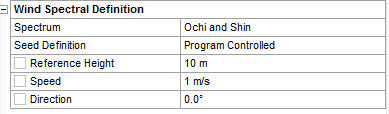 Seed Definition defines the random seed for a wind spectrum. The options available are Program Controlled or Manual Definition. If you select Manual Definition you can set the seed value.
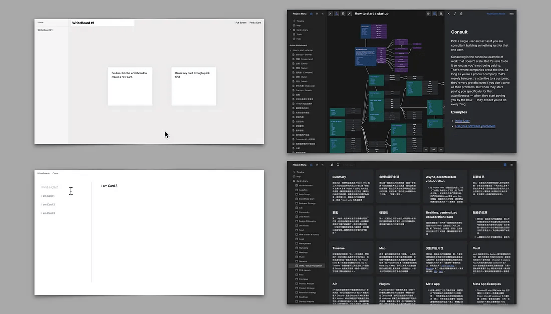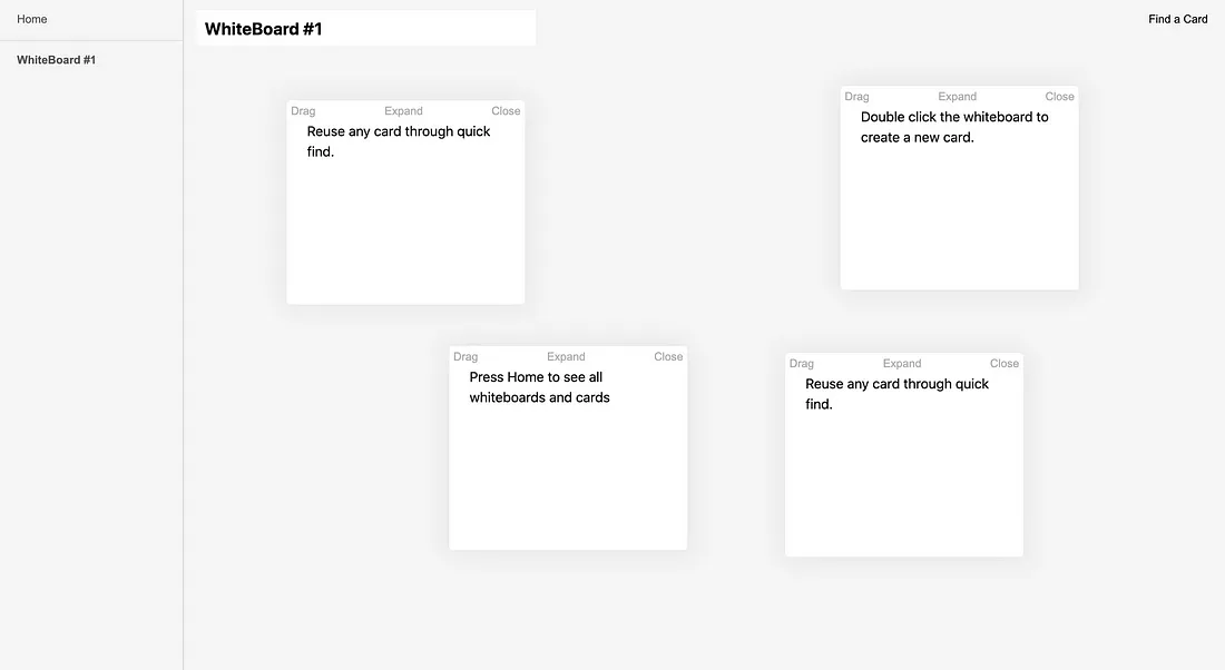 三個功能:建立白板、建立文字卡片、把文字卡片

* * *

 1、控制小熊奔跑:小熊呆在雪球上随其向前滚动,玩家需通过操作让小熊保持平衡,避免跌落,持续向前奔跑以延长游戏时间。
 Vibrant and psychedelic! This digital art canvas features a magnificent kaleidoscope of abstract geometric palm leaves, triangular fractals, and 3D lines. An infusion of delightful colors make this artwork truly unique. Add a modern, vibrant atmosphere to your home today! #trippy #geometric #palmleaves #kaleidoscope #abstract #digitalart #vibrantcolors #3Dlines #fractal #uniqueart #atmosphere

● Exercise objective
Out of the listing above, reproduce exactly the lines from the one with "1、控制小熊奔跑:小熊呆在雪" up to and including the one with "Vibrant and psychedelic!".

● Written response
 1、控制小熊奔跑:小熊呆在雪球上随其向前滚动,玩家需通过操作让小熊保持平衡,避免跌落,持续向前奔跑以延长游戏时间。
 Vibrant and psychedelic! This digital art canvas features a magnificent kaleidoscope of abstract geometric palm leaves, triangular fractals, and 3D lines. An infusion of delightful colors make this artwork truly unique. Add a modern, vibrant atmosphere to your home today! #trippy #geometric #palmleaves #kaleidoscope #abstract #digitalart #vibrantcolors #3Dlines #fractal #uniqueart #atmosphere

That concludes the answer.